Fusion energy gain factor

Fusion energy gain factor

The fusion energy gain factor, usually expressed with the symbol Q, is the ratio of fusion power produced in a nuclear fusion reactor to the power required to maintain the plasma in steady state. The condition of Q = 1, when the power being released by the fusion reactions is equal to the required heating power, is referred to as breakeven, or in some sources, scientific breakeven.

The power given off by the fusion reactions may be captured within the fuel, leading to self-heating. Most fusion reactions release at least some of their energy in a form that cannot be captured within the plasma, so a system at Q = 1 will cool without external heating. With typical fuels, self-heating in fusion reactors is not expected to match the external sources until at least Q = 5. If Q increases past this point, increasing self-heating eventually removes the need for external heating. At this point the reaction becomes self-sustaining, a condition called ignition. Ignition corresponds to infinite Q, and is generally regarded as highly desirable for a practical reactor design.

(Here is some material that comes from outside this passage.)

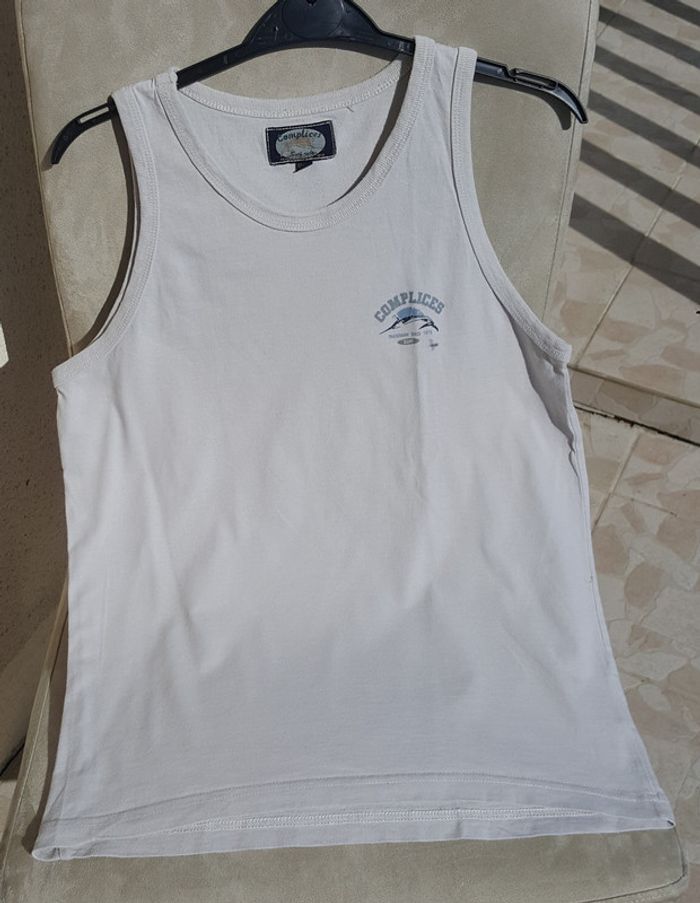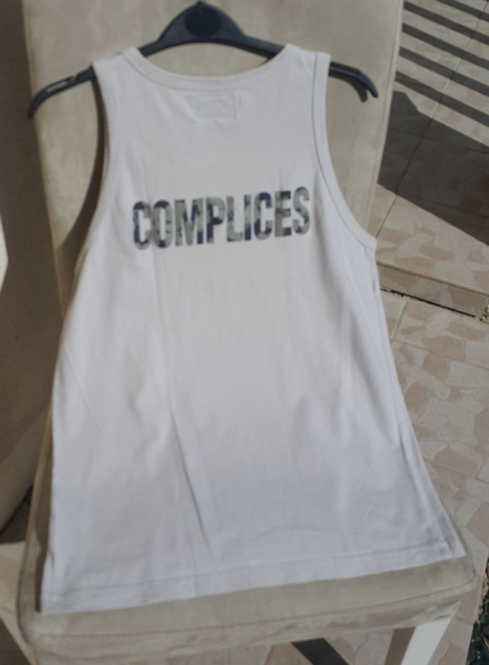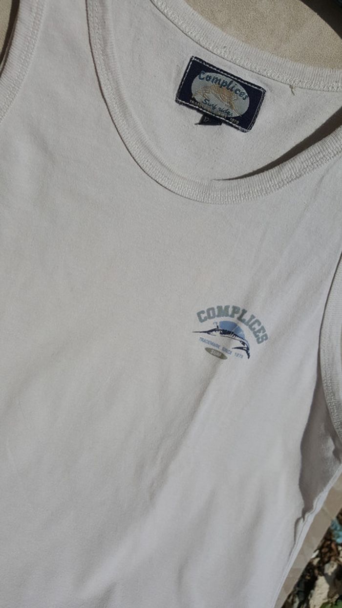 Beau tee-shirt sans manches débardeur couleur Ecru Crème de la marque Complices. Taille 12 ans. Très bon état. Famille soignée et soigneuse, non fumeur et sans animaux.

Over time, several related terms have entered the fusion lexicon. As a reactor does not cover its own heating losses until about Q = 5, the term engineering breakeven is sometimes used to describe a reactor that produces enough electricity to provide that heating. Above engineering breakeven a machine would produce more electricity than it uses, and could sell that excess. A machine that can sell enough electricity to cover its operating costs, estimated to require at least Q = 20, is sometimes known as economic breakeven. Additionally, fusion fuels, especially tritium, are very expensive, so many experiments run on various test gasses like hydrogen or deuterium. A reactor running on these fuels that reaches the conditions for breakeven if tritium was introduced is said to be operating at extrapolated breakeven.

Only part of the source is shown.